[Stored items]

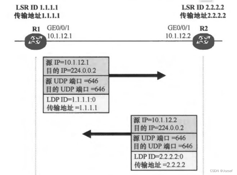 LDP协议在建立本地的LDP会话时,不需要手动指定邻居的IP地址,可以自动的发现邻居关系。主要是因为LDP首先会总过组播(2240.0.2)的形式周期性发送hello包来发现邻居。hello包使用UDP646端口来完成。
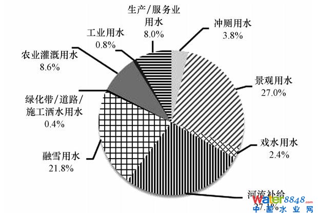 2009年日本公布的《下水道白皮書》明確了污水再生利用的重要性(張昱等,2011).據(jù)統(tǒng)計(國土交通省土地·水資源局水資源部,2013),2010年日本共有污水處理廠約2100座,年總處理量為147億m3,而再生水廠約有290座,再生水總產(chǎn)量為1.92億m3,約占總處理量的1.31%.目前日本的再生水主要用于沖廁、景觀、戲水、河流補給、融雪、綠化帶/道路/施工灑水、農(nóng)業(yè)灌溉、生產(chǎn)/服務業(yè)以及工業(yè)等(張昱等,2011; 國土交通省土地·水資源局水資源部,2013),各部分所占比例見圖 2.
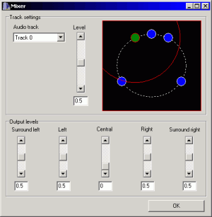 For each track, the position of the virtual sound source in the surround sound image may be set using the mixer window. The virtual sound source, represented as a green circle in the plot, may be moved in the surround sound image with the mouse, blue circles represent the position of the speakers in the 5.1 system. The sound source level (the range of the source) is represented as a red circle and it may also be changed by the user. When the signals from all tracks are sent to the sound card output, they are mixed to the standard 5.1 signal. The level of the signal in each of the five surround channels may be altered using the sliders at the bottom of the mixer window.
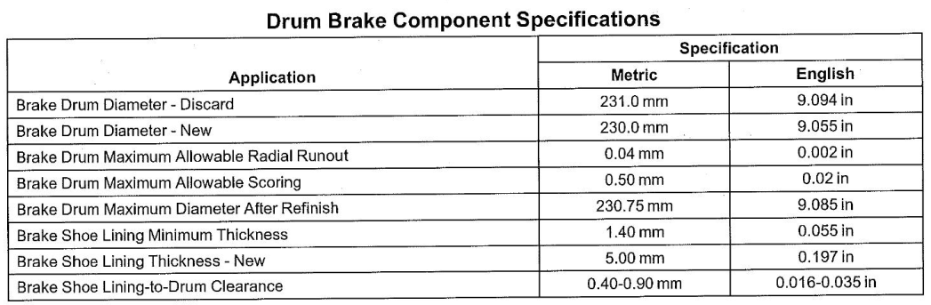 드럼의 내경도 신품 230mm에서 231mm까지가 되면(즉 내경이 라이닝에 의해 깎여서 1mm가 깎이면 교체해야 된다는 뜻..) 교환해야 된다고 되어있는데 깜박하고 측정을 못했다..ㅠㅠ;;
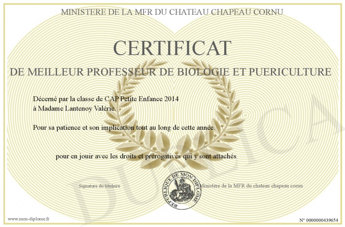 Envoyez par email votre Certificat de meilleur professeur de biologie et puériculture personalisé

**Assigned task**
Each record must be repeated verbatim, and no picture may appear in the copy.

**Answer below**
 LDP协议在建立本地的LDP会话时,不需要手动指定邻居的IP地址,可以自动的发现邻居关系。主要是因为LDP首先会总过组播(2240.0.2)的形式周期性发送hello包来发现邻居。hello包使用UDP646端口来完成。
 2009年日本公布的《下水道白皮書》明確了污水再生利用的重要性(張昱等,2011).據(jù)統(tǒng)計(國土交通省土地·水資源局水資源部,2013),2010年日本共有污水處理廠約2100座,年總處理量為147億m3,而再生水廠約有290座,再生水總產(chǎn)量為1.92億m3,約占總處理量的1.31%.目前日本的再生水主要用于沖廁、景觀、戲水、河流補給、融雪、綠化帶/道路/施工灑水、農(nóng)業(yè)灌溉、生產(chǎn)/服務業(yè)以及工業(yè)等(張昱等,2011; 國土交通省土地·水資源局水資源部,2013),各部分所占比例見圖 2.
 For each track, the position of the virtual sound source in the surround sound image may be set using the mixer window. The virtual sound source, represented as a green circle in the plot, may be moved in the surround sound image with the mouse, blue circles represent the position of the speakers in the 5.1 system. The sound source level (the range of the source) is represented as a red circle and it may also be changed by the user. When the signals from all tracks are sent to the sound card output, they are mixed to the standard 5.1 signal. The level of the signal in each of the five surround channels may be altered using the sliders at the bottom of the mixer window.
 드럼의 내경도 신품 230mm에서 231mm까지가 되면(즉 내경이 라이닝에 의해 깎여서 1mm가 깎이면 교체해야 된다는 뜻..) 교환해야 된다고 되어있는데 깜박하고 측정을 못했다..ㅠㅠ;;
 Envoyez par email votre Certificat de meilleur professeur de biologie et puériculture personalisé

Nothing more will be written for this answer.